Williams v. Atlantic Coast Line R. Co.

Decision Date08 December 1908
Citation48 So. 209,56 Fla. 735
PartiesWILLIAMS v. ATLANTIC COAST LINE R. CO.
CourtFlorida Supreme Court

Headnotes Filed Jan. 29, 1909.

Error to Circuit Court, Orange County; Minor S. Jones, Judge.

Action by H. S. Williams against the Atlantic Coast Line Railroad Company. Judgment for defendant, and plaintiff brings error. Reversed.

Syllabus by the Court

SYLLABUS

Before liability in damages for a negligent act or omission can arise, it is necessary that a causal relation, such as the law recognizes as being sufficient, should exist between the damage complained of and the act alleged to have occasioned the damage. If such a relation does not exist, the damage is said to be remote, and cannot be recovered. If such a relation does exist, then the damage is said to be a proximate result of the wrongful act to which it is attributed, and, conversely, the wrongful act is said to be the proximate cause of the damage.

Only such damages may be recovered as were contemplated or might reasonably be supposed to have entered into the contemplation of the parties to the contract of carriage. If the owner of the goods would charge the carrier with any special damages he must have communicated to the carrier all the facts and circumstances of the case which do not ordinarily attend the carriage or the peculiar character and value of the property carried, for otherwise such peculiar circumstances cannot be contemplated by the carrier.

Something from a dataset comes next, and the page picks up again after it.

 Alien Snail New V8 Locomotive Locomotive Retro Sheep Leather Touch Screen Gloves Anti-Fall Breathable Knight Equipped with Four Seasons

In an action against a railroad company for damages caused by the failure of the company to deliver within a reasonable time orange boxes intrusted to the defendant to transport for hire, the plaintiff cannot recover the loss and damage in the enforced idleness of persons employed to pack and ship his oranges on his orange groves, where the defendant was not informed that men had been employed to pick the oranges, or the time within which the oranges were to be picked, and the contract of carriage did not fix any specific time for the transportation and delivery of the boxes.

In an action against a railroad company for damages caused by its failure to transport and deliver orange boxes within a reasonable time, the allegations of the declaration 'that by reason of the premises the plaintiff incurred loss and damage in being unable to pack and ship part of his oranges for the Christmas market,' are not stated with such certainty as to show the liability of the defendant therefor.

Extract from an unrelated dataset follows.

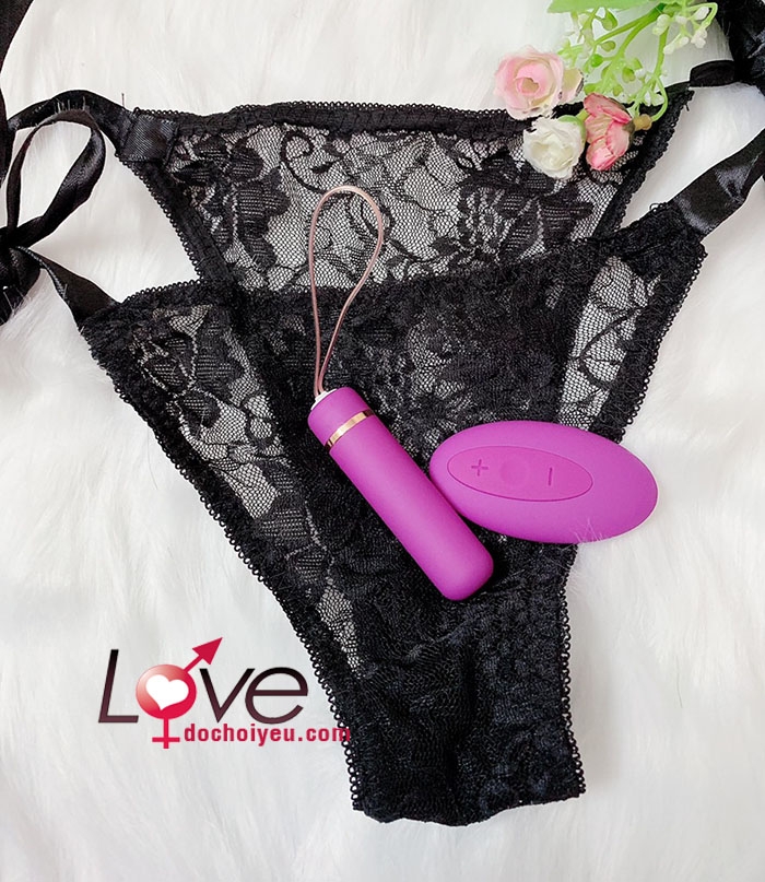 - Màu sắc: trứng điều khiển màu tím, quần chíp màu đen chất liệu ren sexy

The freezing of plaintiff's oranges on the trees is not so direct, natural, and proximate a result of the failure of a railroad company to deliver to the plaintiff within a reasonable time orange boxes intrusted to the defendant company to transport for hire as to make such company liable therefor by reason of such delay, where the contract of carriage did not fix any specific time for the transportation and delivery of the boxes, and the defendant company was not informed that the plaintiff would leave the oranges on the trees, exposed to the dangers of the cold, until the boxes were delivered.

Allegations in the declaration of the plaintiff's loss or damage may not be so wholly irrelevant as to be amenable to a motion to strike, and yet subject to compulsory amendment under the statute.

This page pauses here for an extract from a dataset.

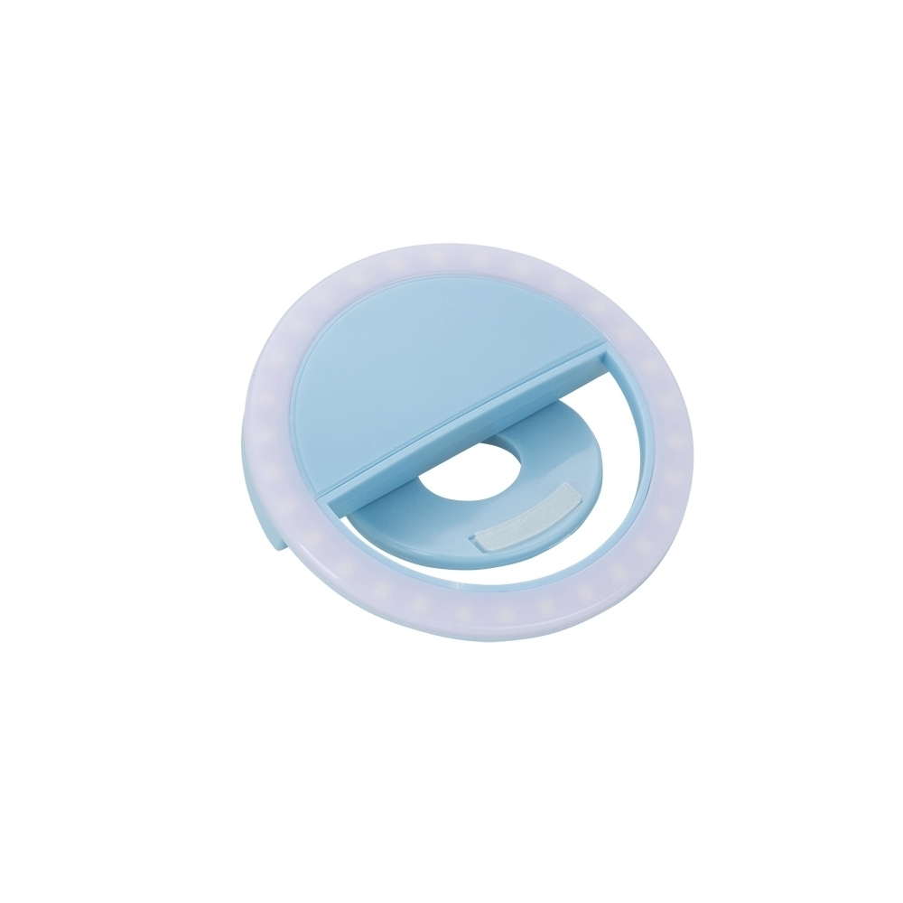 Anel de iluminação para celular, utilizado para fotos em formato selfie. “Ring light” plástico no formato “presilha” para encaixe, possui três estágios de iluminação acionados pelo botão superior. Acompanha cabo USB para carregamento.

When the allegations of the declaration show the legal right of the plaintiff has been invaded, he may recover at least nominal damages, and a demurrer thereto should be overruled.

'Proximate cause' is that which naturally leads to or produces or contributes directly to produce a result such as might be expected by any reasonable and prudent man as likely to directly and naturally follow or flow out of the performance or nonperformance of an act.

COUNSEL

Hudson & Boggs and L. C. Massey, for plaintiff in error.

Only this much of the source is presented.